Mad cow disease in humans, known scientifically as a variant of Creutzfeldt-Jakob disease, is a rare neurodegenerative disease caused by prions, which are abnormal proteins, which settle in the brain and lead to the gradual development of definitive lesions, causing common symptoms to dementia that include difficulty thinking or speaking, for example.
Mad cow disease has this name due to the fact that it is a disease most frequently observed in cattle in the past and, therefore, the contact or consumption of meat from bovines contaminated by prions can lead to the development of the disease in humans.
Symptoms of mad cow disease in people appear as the destruction of nerve cells by prions occurs, and there may be:
- Memory loss;
- Difficulty speaking or thinking;
- Loss of ability to make coordinated movements;
- Difficulty walking;
- Constant tremors;
- Blurred vision;
Symptoms of mad cow disease are progressive and are usually noticed about 6 to 12 years after contamination, and are often mistaken for dementia.
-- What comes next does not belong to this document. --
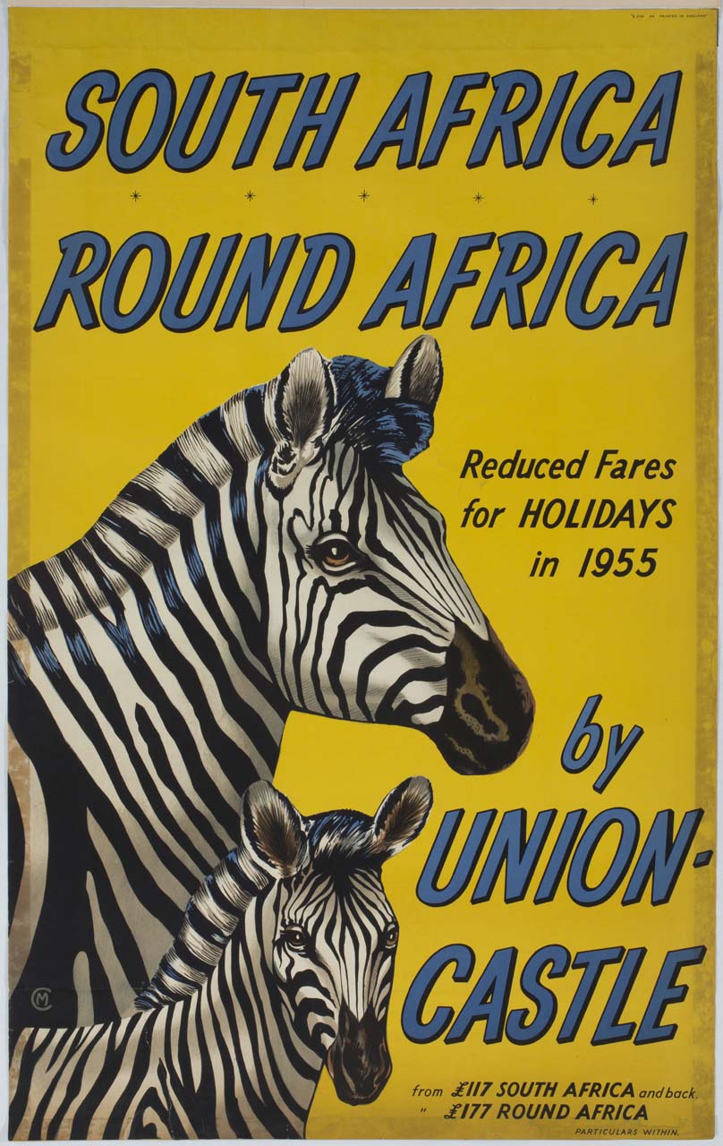 Lettura iconografica: zebre; cucciolo. Categoria merceologica/ tipo evento: trasporti; trasporto marittimo; compagnia di navigazione; turismo. Nomi: Union-Castle Line; Union-Castle Mail Steamship Company. Luoghi: Inghilterra; Southampton; South Africa; Sud Africa

How the transmission happens
Although the most frequent form of contagion is through ingestion of contaminated meat, there are other causes that may be at the origin of the problem, such as:
- Corneal or contaminated skin transplantation;
- Use of contaminated instruments in surgical procedures;
- Inadequate implantation of brain electrodes;
- Injections of contaminated growth hormones.
However, these situations are extremely rare because modern techniques greatly reduce the risk of using contaminated fabrics or materials, not only due to mad cow disease, but also to other serious diseases such as AIDS or tetanus, for example.
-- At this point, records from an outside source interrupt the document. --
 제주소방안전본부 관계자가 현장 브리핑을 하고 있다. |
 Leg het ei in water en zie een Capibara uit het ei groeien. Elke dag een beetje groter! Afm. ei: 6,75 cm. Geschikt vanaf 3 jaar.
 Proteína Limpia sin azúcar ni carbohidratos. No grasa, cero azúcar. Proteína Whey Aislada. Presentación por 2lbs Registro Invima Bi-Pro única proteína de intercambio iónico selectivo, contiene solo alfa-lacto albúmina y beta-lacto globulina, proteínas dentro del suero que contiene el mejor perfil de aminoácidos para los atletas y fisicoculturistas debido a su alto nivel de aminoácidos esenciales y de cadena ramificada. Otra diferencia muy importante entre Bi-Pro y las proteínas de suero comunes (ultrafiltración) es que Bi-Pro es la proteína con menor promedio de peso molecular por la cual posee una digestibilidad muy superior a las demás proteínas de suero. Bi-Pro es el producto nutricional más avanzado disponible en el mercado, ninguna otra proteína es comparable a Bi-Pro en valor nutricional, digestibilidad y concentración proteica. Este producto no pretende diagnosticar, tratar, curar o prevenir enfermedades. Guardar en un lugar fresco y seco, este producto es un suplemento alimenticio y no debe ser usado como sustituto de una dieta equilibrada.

There are also records of people who became infected with this disease after receiving a blood transfusion in the 1980s and it is because of this that all people who have ever received blood at some time in their lives cannot donate blood, because they may have been infected, even though they never manifested symptoms.
How the diagnosis is made
There are no specific tests that can identify mad cow disease and the diagnosis is made based on the symptoms presented, especially when there are more suspected cases in the same region.
In addition, to exclude other diseases, the doctor may indicate the performance of an electroencephalogram and analysis of cerebrospinal fluid, or prion testing and genetic tests. However, in most cases, the disease is only confirmed after a brain biopsy is performed.
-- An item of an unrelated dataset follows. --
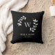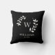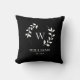 Black Minimal Monogram Initial Modern Newlywed Throw Pillow
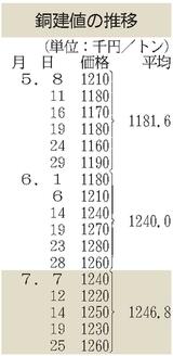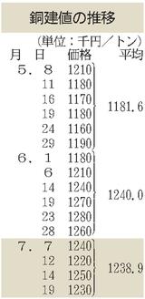 黄銅棒原料購入値/12円下げの854円/日本伸銅

The development of the disease is rapid, since since the symptoms appear, the person dies between a period of 6 months to a year, since from the moment of infection the neuronal function begins to be impaired, which leads to progressive loss of the person’s capacities and greater need to be bedridden and dependent to eat and perform hygiene care.
Although these complications cannot be avoided, as there is no treatment, it is recommended that the patient be accompanied by a psychiatrist, as there are remedies that can help to delay the evolution of the disease.